Я поставил чемодан на землю. Девчонка жила где-то возле Рёси. Подростком мне довелось однажды побывать в Рёси. По объявлению в «Курьере» отёц собирался приобрести там большую печку. Помню, мы заехали в Хёугер, кое-что купили в кафе, а потом двинули в Рёси. Когда я увидел эту усадьбу, у меня почему-то возникло ощущение, что на много миль окрест вообще нет людей, хотя до Хёугера было рукой подать. Мы зарулили во двор и вылезли из машины — отец, Хуго и я. Постояли в ожидании. Никого. Поодаль во дворе виднелось гумно. Отец посигналил. И вдруг из-за угла гумна высунулся лысый старикан в черном и уставился на нас, не говоря ни слова. Через минуту-другую в жилом доме открылась дверь. На крыльцо вышла бабенка лет тридцати, стриженная под горшок, в мужской одежде и в черных сапогах. Когда она здоровалась с отцом, я заметил у нее на руке мужские часы с металлическим браслетом. Голос этой бабенки показался мне странным, звучал все время на одной ноте. А старикан по-прежнему таращился из-за угла. Отец спросил, нельзя ли посмотреть на печь, и бабенка повела его к свайному сараю. Он заглянул внутрь. Мы прошлепали через грязный двор, зашли в сарай и начали по частям перетаскивать печь к машине. На втором заходе я заметил в углу сарая пыльный деревянный ящик с синими камнями. Таких камней я никогда не видал. Синие, как синий школьный мел, округлые. Я присел возле них на корточки, протянул руку и хотел было взять один, как вдруг чей-то голос за спиной произнес: «Не трожь». В дверях стоял мужчина. Тоже стриженный под горшок. Лицо худое, глаза впалые, воспаленные. Желтым от табака пальцем он показал на ящик и проскрипел: «Нельзя их трогать». Подошел ко мне, наклонился над ящиком, провел по камню кончиком пальца. Палец посинел. Он поднес его к губам, проскрипел: «Страшный яд!» — вышел за дверь и уковылял прочь.
— А почему вы пешком идете? — спросила девчонка.
— Пришлось из-за паводка покинуть усадьбу. В Хёугер идем, — сказал я.
— Там один человек утонул.
— Чего она говорит? — Мамаша подошла ближе.
— Женщина. Река ее забрала. — Девчонка прижала к себе щенка.
Я спрыгнул с помоста, подобрал узлы и чемодан и быстро зашагал дальше, таща за собой Юнни. Грязь летела во все стороны. Юнни хныкал. Я думал о Сив. Слышал, как мамаша что-то крикнула в дождь, и свернул за поворот. Вряд ли это Сив. Она откуда хошь выберется. Однажды попала в аварию, «фиат» раздолбала, а сама отделалась парочкой царапин. За поворотом я увидел дома. Юнни высвободился из моей хватки и, опершись ладонями на ляжки, пытался перевести дух. Я рванул к домам, а перед глазами у меня стояло ее лицо, каким я видел его, когда она закрывала за мной дверь. Я ей не позвонил. Между тем я добрался до деревянной церквушки с запущенным кладбищем. У ворот стояли две бабенки лет тридцати, разговаривали о чем-то.

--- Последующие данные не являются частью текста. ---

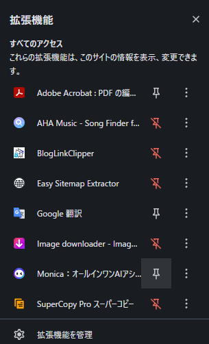 拡張機能をインストールしたら、Monicaの場合はピン止めをする必要がありません。
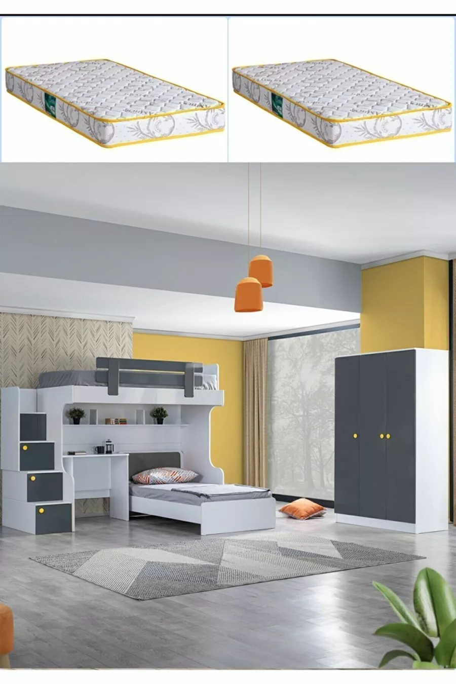 سرير بطابقين، سرير وطاولة وخزانة بثلاثة أبواب مع مرتبتين مريحتين

— Очень милая была женщина… — донеслось до меня.
Я бегом припустил за угол. На площади перед кафе стояли два пикапа и несколько легковушек, а на газоне возле парковки толпилось десятка два-три людей. Оранжевый автомобильчик с оранжевой мигалкой на крыше остановился прямо на газоне. Из этого автомобиля вылез мужчина с одеялом в руках. Народ расступился. Мост уцелел, но щит с надписью «Осторожно, дети!» на том берегу исчез. Подъездная дорога и деревья по обе ее стороны тоже сгинули. Йёра вышла из берегов, проложила себе новое русло и смыла десяток метров дороги. Мутно-серая вода в реке вскипала белой пеной. У опушки леса и на лужайке пониже ее громоздились кучи выброшенных течением камней. Я поставил чемодан и узлы на землю. Через дорогу шла какая-то женщина с фотоаппаратом. Я спросил, что случилось. Она ответила, что одна из местных жительниц утонула, когда Йёра меняла русло.
Из-за угла выскочила запыхавшаяся мамаша.
— Кто утонул? — спросила она.
— Не знаю, — сказал я.
— Возьми Юнни! — Она побежала дальше.
Я взял Юнни за руку.
— Утонула Эстер Хёуг, — произнес женский голос.
Я обернулся. Это была хозяйка кафе.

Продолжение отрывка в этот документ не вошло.